Modern Uses and Examples of Storytelling
Leveraging the discussion points above, the session concluded with conversation about how one can use storytelling in modern sales and marketing practices:
· Prompt customers to tell their story. This can be more effective than giving a pitch or even telling your own story. You may find that your customers will make you part of their story, providing an unsolicited endorsement.
· Get others to tell your story to create word of mouth buzz. It can be as easy as attaching a video of your story to your email signature. When it comes back to you from a new prospect, you know you’ve done something right.
· The easiest way to go viral with your story is to copy an already successful viral idea, but with a different product or new concept.
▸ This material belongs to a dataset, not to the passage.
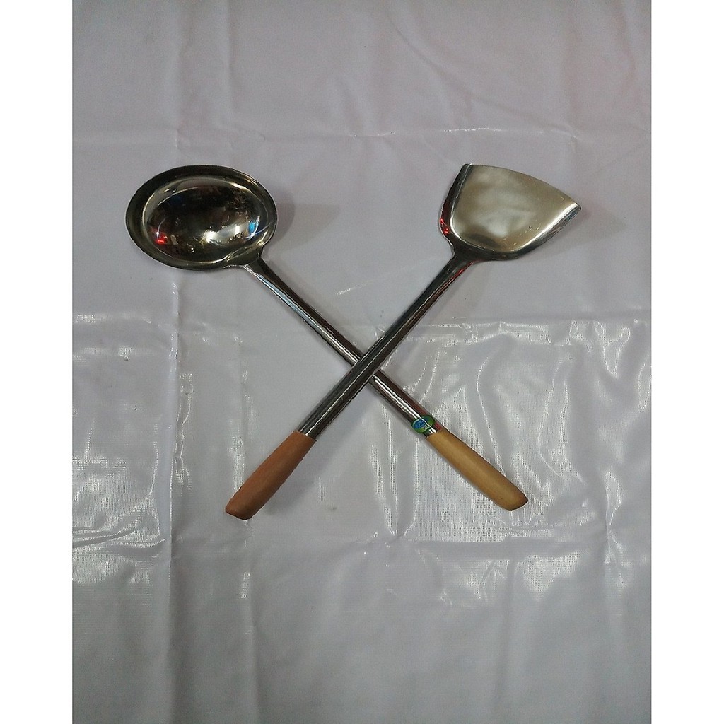 Nhà cửa & Đời sống > Dụng cụ nhà bếp > Cây vét bột & đồ gắp thức ăn || COMBO XẺNG LẬT+VÁ INOX CÁN GỖ CAO CẤP XẺNG 13,5+VÁ 14,5CM.Còn hàng

· You can create a storytelling campaign without creating the content. How ALS foundations raised awareness through The Ice Bucket Challenge is a great example.
· Be careful with this one, but a story doesn’t have to be 100% true. There are ways of going over the top to engage and audience in a positive way e.g. Dollar Shave Club advertisements.
· Let everyone own your story. Don’t control it, let people create content around your context and let it go viral. #GivingTuesday, a global day dedicated to giving back was formed with these principles.
· Great products sell themselves. Have you seen an Uber ad or received a call from an Uber sales person? Let your product tell lots of micro-stories that resonate with a broad audience of buyers.
Several other resources were cited throughout the discussion, including: Center for Story-Based Strategy - a national movement-building organization dedicated to harnessing the power of narrative for social change; The Power of Visual Storytelling, a book that suggests attention is the new commodity and visual storytelling is the new currency, and Contagious, a book that asks and answers the question: Why do things catch on?
Much like the the closing of Simon Sinek’s TED Talk, this unConference session challenged us to find inspiration and become leaders through storytelling. In Sinek’s parting words:
“Whether they are individuals or organizations, we follow those who lead not because we have to, but because we want to. We follow those who lead not for them, but for ourselves. And it’s those who start with WHY that have the ability to inspire those around them or find others who inspire them.”